BookmarkSubscribeRSS Feed
🔒 This topic is solved and locked. Need further help from the community? Please sign in and ask a new question.
Filipvdr
Pyrite | Level 9

Hello,

My dataset looks likes this:

DATE           MONTH      VALUE

01032011      MAR2011    8.50

02032011      MAR2011    8.50

02032011      MAR2011    5.50

02032011      MAR2011    8.50

14032011      MAR2011    7.50

24032011      MAR2011    9.00

24042011      APR2011     8.50

24042011      APR2011     8.50

26042011      APR2011     2.50

24042011      APR2011     3.50

16052011      MAY2011     2.50

24052011      MAY2011     13.50

25052011      MAY2011     4.50

26052011      MAY2011     3.50

27052011      MAY2011     2.50

25062011      JUN2011     10.50

26062011      JUN2011     13.50

27062011      JUN2011     12.50

28062011      JUN2011     13.50

According to 2 macro variables i have to calculate floating averages/median/percentile.

%let calc = average;

%let bin = 3;

The number of bin is in months. So for this example if i want to calculate the number for JUN2011 the number has to be calculated on the values of APR , MAY and JUN. If the variable bin is 2 i have to calculate JUN on JUN and MAY , MAY on APR and MAY and so on..
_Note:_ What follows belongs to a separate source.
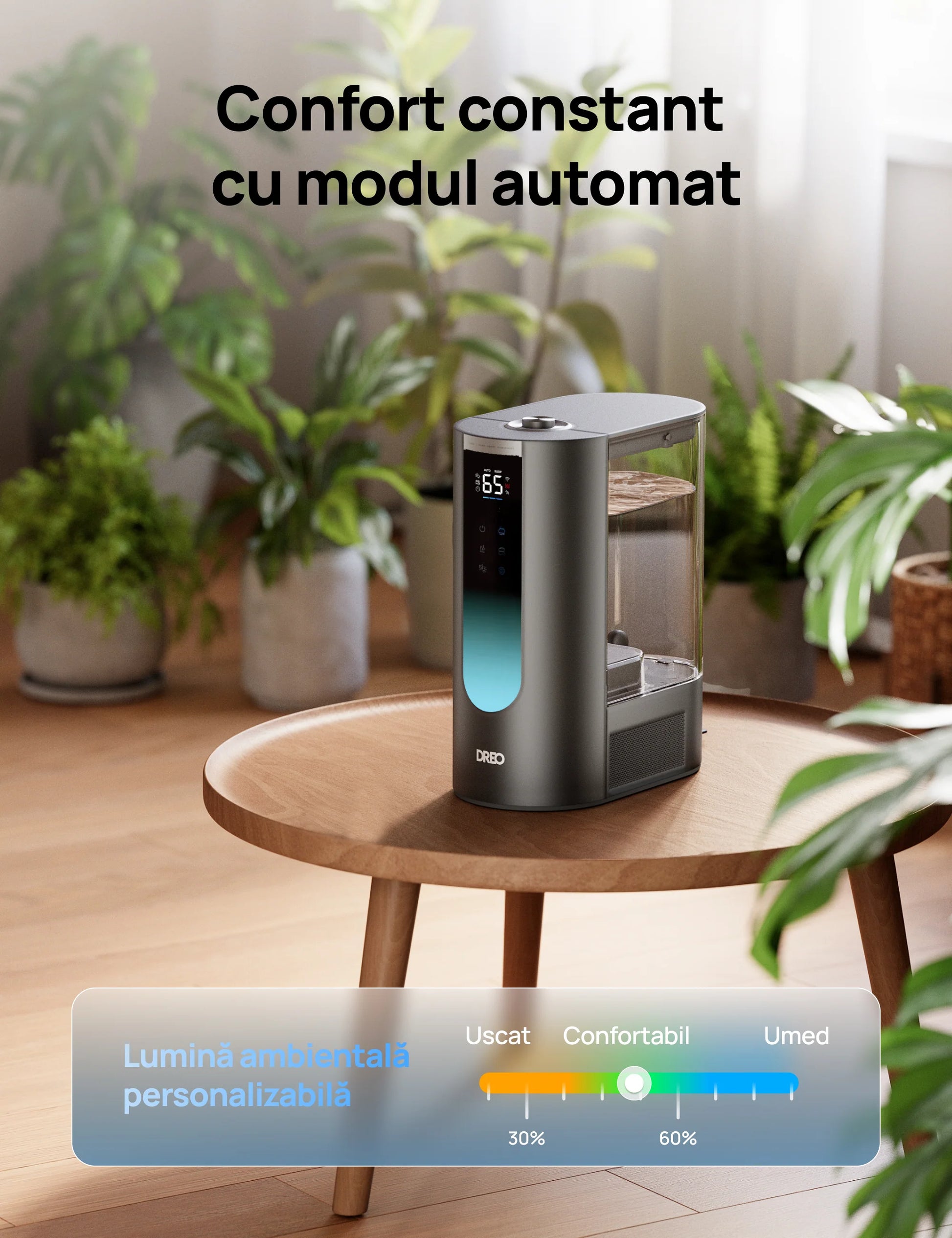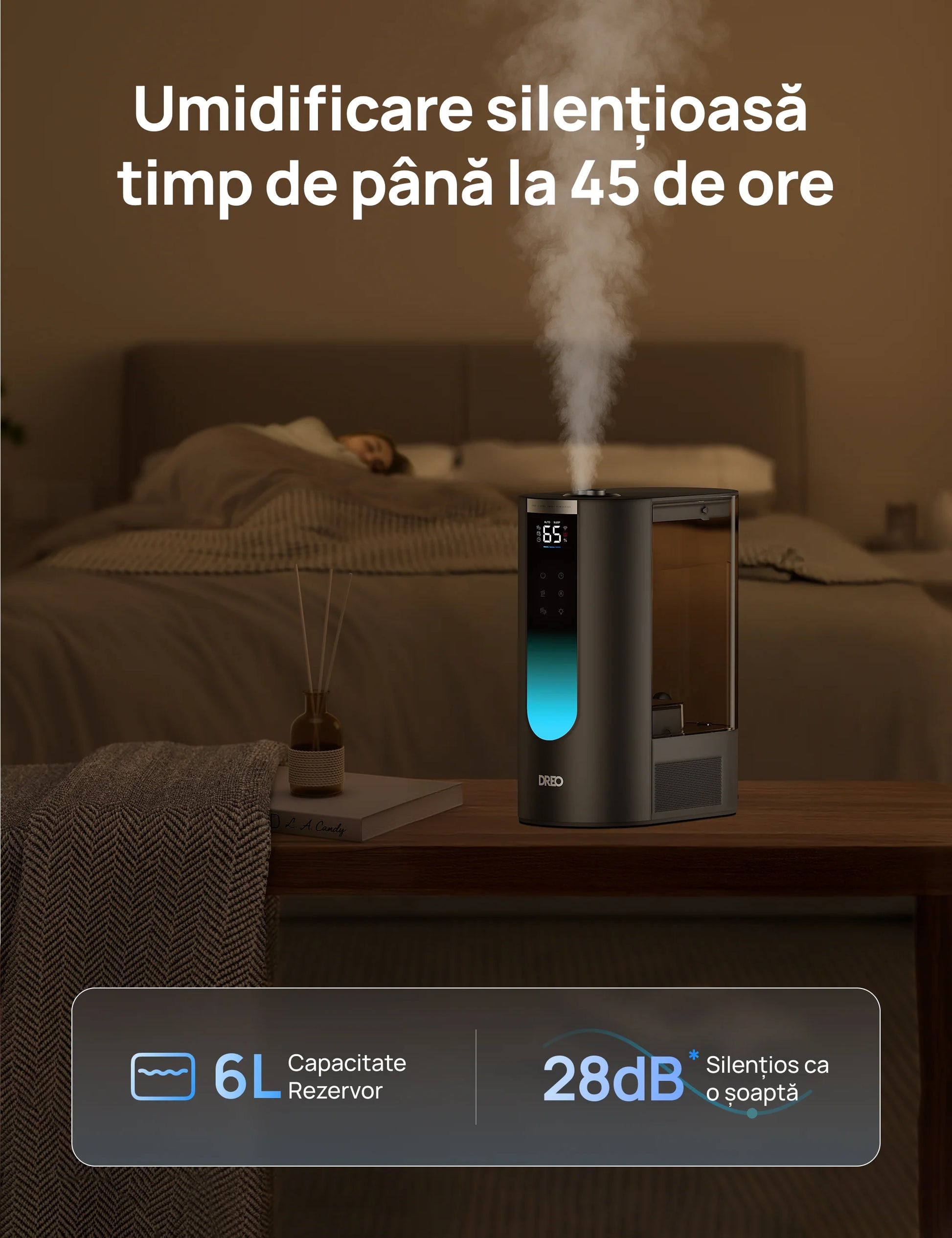 Umidificatorul DREO 813S dispune de un rezervor de 6 litri, permițând o funcționare continuă de până la 60 de ore. Această autonomie extinsă reduce necesitatea reumplerii frecvente, fiind ideal pentru utilizarea pe parcursul întregii zile sau pe timpul nopții.

Could anyone set me on my way? I have no idea how to start on this one.

Regards,

Filip

1 ACCEPTED SOLUTION

Accepted Solutions
Ksharp
Super User

Actually, I have another way. If you don't mind.

data x(drop=month);
input DATE  : ddmmyy12.     MONTH  : monyy5.    VALUE ;
format date date9. month monyy5.;
cards;
01032011      MAR2011    8.50
02032011      MAR2011    8.50
02032011      MAR2011    5.50
02032011      MAR2011    8.50
14032011      MAR2011    7.50
24032011      MAR2011    9.00
24042011      APR2011     8.50
24042011      APR2011     8.50
26042011      APR2011     2.50
24042011      APR2011     3.50
16052011      MAY2011     2.50
24052011      MAY2011     13.50
25052011      MAY2011     4.50
26052011      MAY2011     3.50
27052011      MAY2011     2.50
25062011      JUN2011     10.50
26062011      JUN2011     13.50
27062011      JUN2011     12.50
28062011      JUN2011     13.50
;
run;
data x;
 set x;
 monyy=mdy(month(date),1,year(date));
 format monyy monyy5.;
run;




%macro cal(monyy=);
data xx;
 set x(where=(monyy between intnx('month',&monyy,-&bin+1,'b') and &monyy));
 month=put(&monyy,monyy5.);
run;
proc summary data=xx nway;
 class month;
 var value;
 output out=result(drop=_:)  mean= median= p75= /autoname;
run;
%mend cal;


%let bin = 3;

proc sort data=x(keep=monyy) out=temp nodupkey;by monyy;run;
data _null_;
 set temp;
 call execute('%cal(monyy='||strip(monyy)||')');
 if _n_ eq 1 then call execute('data final;set result;stop;run;');
 call execute('proc append base=final data=result force;run;');
run;

 


Ksharp

View solution in original post

18 REPLIES 18
Ksharp
Super User

What output do you want?

DeepakNMehta
Calcite | Level 5

Do you want average for all the previous months (as value in bin macro variable) for every row in a datamart/datalines?

Filipvdr
Pyrite | Level 9

Output would be month + average (could be median or percentile as well)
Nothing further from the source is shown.